Material for this exercise:
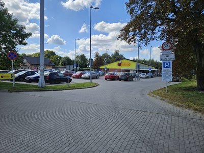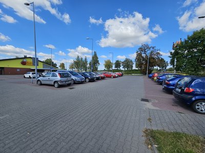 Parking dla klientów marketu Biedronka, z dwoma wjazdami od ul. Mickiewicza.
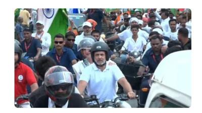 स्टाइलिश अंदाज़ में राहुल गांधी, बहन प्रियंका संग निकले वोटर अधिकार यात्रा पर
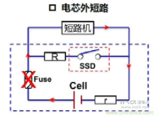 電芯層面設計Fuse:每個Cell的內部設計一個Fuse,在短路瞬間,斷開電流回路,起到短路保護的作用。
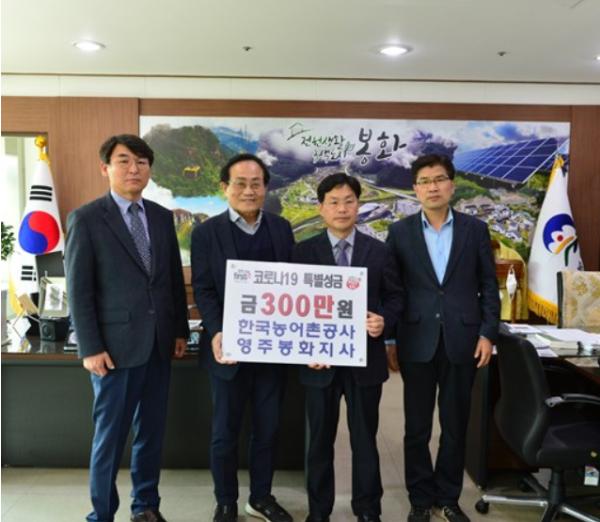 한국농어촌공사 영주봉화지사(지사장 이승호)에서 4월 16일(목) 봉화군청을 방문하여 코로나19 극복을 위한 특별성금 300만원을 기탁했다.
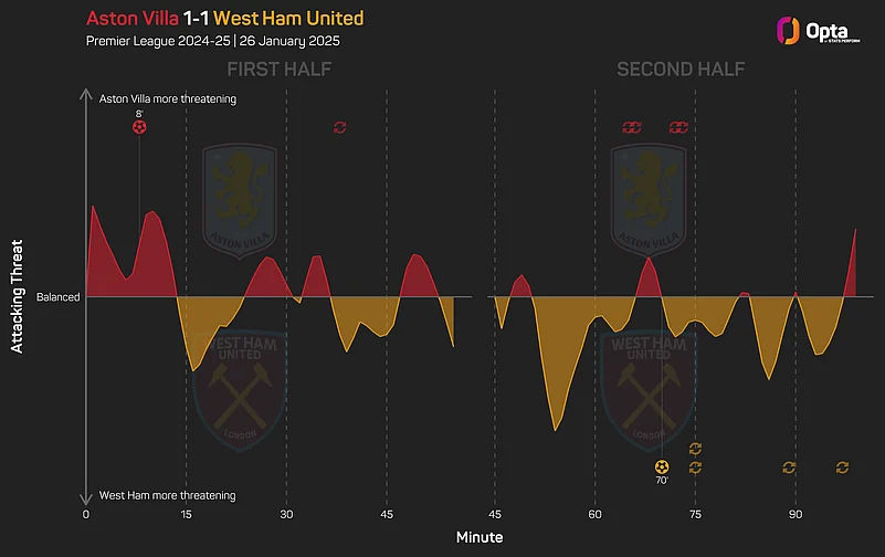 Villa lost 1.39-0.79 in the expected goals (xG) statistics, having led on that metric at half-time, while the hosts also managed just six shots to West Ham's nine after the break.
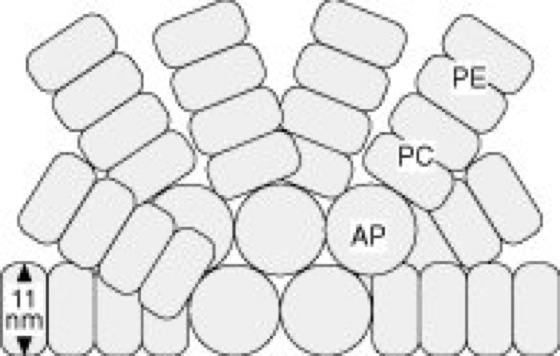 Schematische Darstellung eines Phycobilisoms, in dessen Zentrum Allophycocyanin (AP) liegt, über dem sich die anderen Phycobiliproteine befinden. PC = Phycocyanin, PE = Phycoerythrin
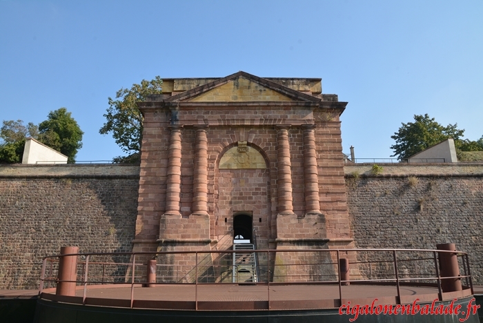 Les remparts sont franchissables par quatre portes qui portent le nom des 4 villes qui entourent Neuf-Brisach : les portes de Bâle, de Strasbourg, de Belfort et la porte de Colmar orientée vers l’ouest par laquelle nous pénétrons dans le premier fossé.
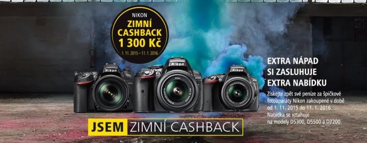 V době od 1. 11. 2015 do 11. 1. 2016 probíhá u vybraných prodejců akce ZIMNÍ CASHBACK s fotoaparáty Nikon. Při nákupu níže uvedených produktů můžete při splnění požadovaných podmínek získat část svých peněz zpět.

To do:
Within the listing above, find the line containing "電芯層面設計Fuse:每個C" and the line containing "Villa lost 1.39-0.79". Transcribe them and everything between them exactly, leaving out the pictures.

Output of the exercise:
 電芯層面設計Fuse:每個Cell的內部設計一個Fuse,在短路瞬間,斷開電流回路,起到短路保護的作用。
 한국농어촌공사 영주봉화지사(지사장 이승호)에서 4월 16일(목) 봉화군청을 방문하여 코로나19 극복을 위한 특별성금 300만원을 기탁했다.
 Villa lost 1.39-0.79 in the expected goals (xG) statistics, having led on that metric at half-time, while the hosts also managed just six shots to West Ham's nine after the break.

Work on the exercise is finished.